“The real policies questions begin when you are understanding the trade-offs,” said Luis Videgaray, a member of the AI Policy Forum’s leadership group, the director of the MIT AI Policy for the World Project and former foreign minister and finance minster for Mexico.
FROM PRINCIPLE TO POLICY
But it is one thing to commit to ideas of fairness and accountability and another to determine exactly how to achieve that, especially when doing so requires making judgment calls, said Julie Bishop. Bishop is an AI Policy Forum steering committee member, chancellor of Australian National University and Australia’s former minister of foreign affairs.
Policymakers observing or anticipating AI applications will need to decide what exactly counts as fair or discriminatory impacts of the technology’s use, she said, and regulators who fully embrace the ideals that AI should benefit various parties will still need to decide what to do when these different goals come into conflict with each other.
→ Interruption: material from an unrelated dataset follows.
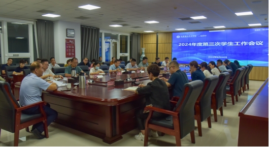 本站讯(通讯员 李杰)8月26日,学校召开2024年度第三次学生工作会议。学校党委副书记、校长袁雷出席会议并讲话,党委副书记唐勋主持会议,相关处室负责人,各系院党总支书记、学管主任、团总支书记及相关人员参加会议。
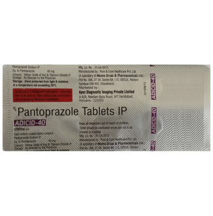 Adicid 40 Tablet is a medicine that reduces the amount of acid produced in your stomach. It is used for treating acid-related diseases of the stomach and intestine such as heartburn, acid reflux, peptic ulcer disease, and Zollinger-Ellison syndrome. It provides relief from the symptoms and promotes healing. Adicid 40 Tablet is also used to prevent stomach ulcers and acidity that may be seen with the prolonged use of painkillers. It belongs to a class of medicines known as proton pump inhibitors (PPIs). This medicine should be taken one hour before a meal, preferably in the morning. The dose will depend on your underlying condition and how you respond to the medicine. You should keep on taking it as prescribed even if your symptoms disappear quickly. You can increase the efficiency of the treatment by eating smaller meals more often and avoiding caffeinated drinks (like tea and coffee), and spicy or fatty foods.The most common side effects observed with this medicine include nausea, vomiting, headache, dizziness, flatulence, diarrhea, and stomach pain. These symptoms are generally mild but if they bother you or do not go away, consult your doctor. Long-term use of this medicine may lead to an increased risk of side effects. For instance, using this medicine for more than 1 year may increase your risk for bone fractures, especially with higher doses. Talk to your doctor about ways to prevent bone loss (osteoporosis), like taking calcium and vitamin D supplements.Before taking this medicine, you need to tell your doctor if you have severe liver problems, are taking medicines for HIV, have ever had an allergic reaction to similar medicines in the past, or suffer from bone loss (osteoporosis). Pregnant or breastfeeding women should also consult their doctor before taking it.

“Some challenges in achieving adoption and implementation come from subjectivity in the principles,” Bishop said. “For example, the principle where AI systems should benefit individuals, society and the environment. There are, of course, going at times to be tension between those benefits and [in] how they’re measured and apportioned.”
Videgaray, added that policymakers may find not only tensions between the principles but also between the principles and other societal goals. Ensuring politicians understand the trade-offs between their various priorities is essential to helping them navigate their options.
“[There is] a tension between implementing privacy and accuracy,” Videgaray said by way of example. “Saying, ‘We want to protect privacy,’ is a relatively low-controversy issue, but saying, ‘There’s a tension between accuracy — particularly in medical diagnosis — and the privacy of the patient’s data, that’s a difficult thing to explain … losing accuracy might mean losing lives, literally.”
The best techniques for ensuring personal data stays private come at the cost of reducing the accuracy of the AI models that analyze and make assessments based off that data, Videgaray explained. This may be acceptable when using AI for making low-stakes decisions, but the pros and cons require deeper consideration when the models are making health-care recommendations. Policymakers may need to weigh just how precise the tools need to be or whether a somewhat lesser level of privacy is acceptable.

“As opposed to principles that are global and universal, the actual policies should be very context driven,” he said. “Not every solution is going to be the same for every country even though the principles are the same.”
GLOBAL COLLABORATION
Bishop said that such worldwide commitment to those overarching AI principles, however, is key to ensuring those making or deploying the technologies actually obey.
Firms in jurisdictions that strictly adhere to AI principles could struggle against competitors operating in nations without such limitations and some companies could choose to hop borders to seek out more lax AI regulations, she noted. Given that, the only way to ensure that standards stick is to make them stick everywhere, she argued.
“AI can’t be confined within the boundaries of individual nation-states, so global collaboration is absolutely vital,” Bishop said.
No country wants to be restrained by a standard that their economic or geopolitical rivals aren’t following, and achieving an international AI agreement would require nations to be transparent about their use of the technology, including in covert and military applications, Bishop said.
This is no easy feat, she acknowledged, but said the Treaty on the Non-Proliferation of Nuclear Weapons is a useful example of ways countries have previously agreed to limit technological development and use – although without perfect adherence.